- **TASK DESCRIPTION**: Beginning with the line where "In P(z) plots: Yellow" appears, set down each line exactly until the records below end, and omit the pictures.

━━ DATA EXTRACTS

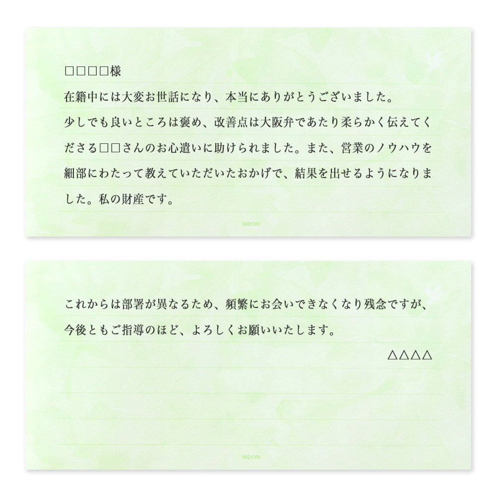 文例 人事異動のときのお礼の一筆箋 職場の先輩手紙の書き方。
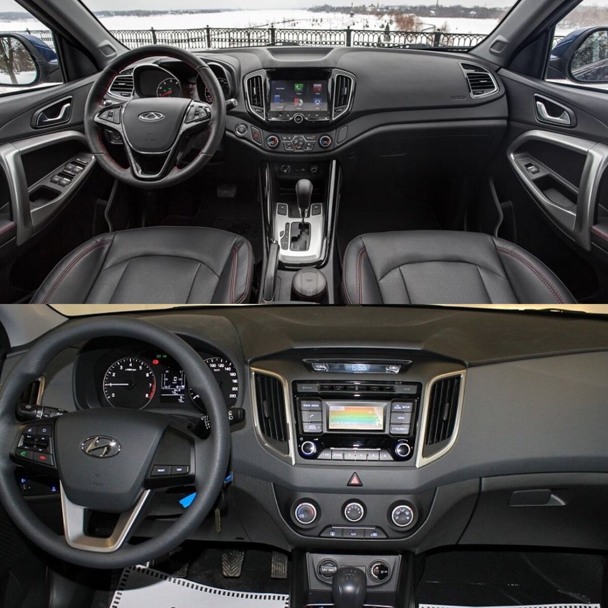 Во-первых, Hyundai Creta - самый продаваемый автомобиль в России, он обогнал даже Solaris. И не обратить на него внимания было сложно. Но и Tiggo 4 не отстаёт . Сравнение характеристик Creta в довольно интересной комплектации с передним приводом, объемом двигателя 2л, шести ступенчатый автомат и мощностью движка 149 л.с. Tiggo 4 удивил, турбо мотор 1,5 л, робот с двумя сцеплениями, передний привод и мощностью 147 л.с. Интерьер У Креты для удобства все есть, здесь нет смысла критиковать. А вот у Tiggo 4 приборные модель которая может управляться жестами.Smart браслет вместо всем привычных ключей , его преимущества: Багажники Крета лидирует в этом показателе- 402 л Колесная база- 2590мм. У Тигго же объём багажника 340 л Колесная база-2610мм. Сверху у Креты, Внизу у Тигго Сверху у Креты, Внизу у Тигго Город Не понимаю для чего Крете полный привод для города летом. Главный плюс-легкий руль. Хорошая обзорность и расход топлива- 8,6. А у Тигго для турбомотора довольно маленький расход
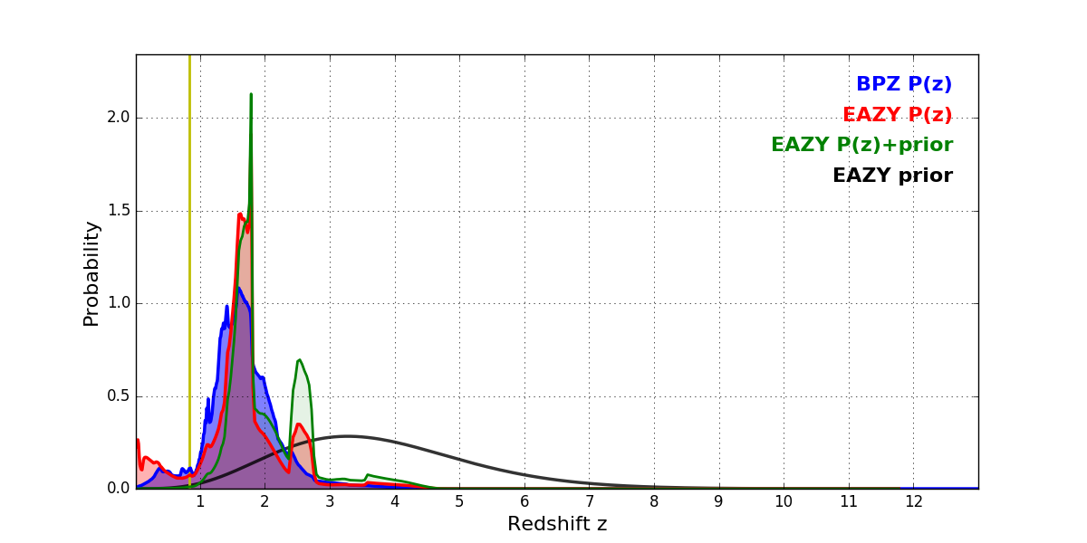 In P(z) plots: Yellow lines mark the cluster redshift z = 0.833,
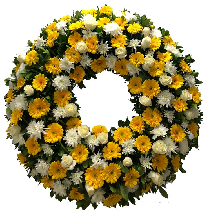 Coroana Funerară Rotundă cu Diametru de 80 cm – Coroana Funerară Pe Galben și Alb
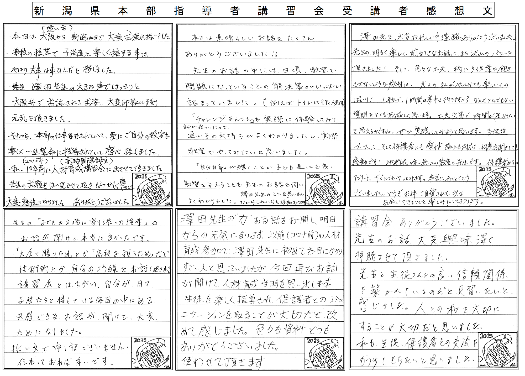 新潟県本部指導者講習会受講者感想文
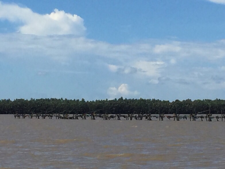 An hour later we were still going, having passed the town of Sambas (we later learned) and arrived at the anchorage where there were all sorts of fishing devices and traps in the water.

━━━━

- **ANSWER**:
 In P(z) plots: Yellow lines mark the cluster redshift z = 0.833,
 Coroana Funerară Rotundă cu Diametru de 80 cm – Coroana Funerară Pe Galben și Alb
 新潟県本部指導者講習会受講者感想文
 An hour later we were still going, having passed the town of Sambas (we later learned) and arrived at the anchorage where there were all sorts of fishing devices and traps in the water.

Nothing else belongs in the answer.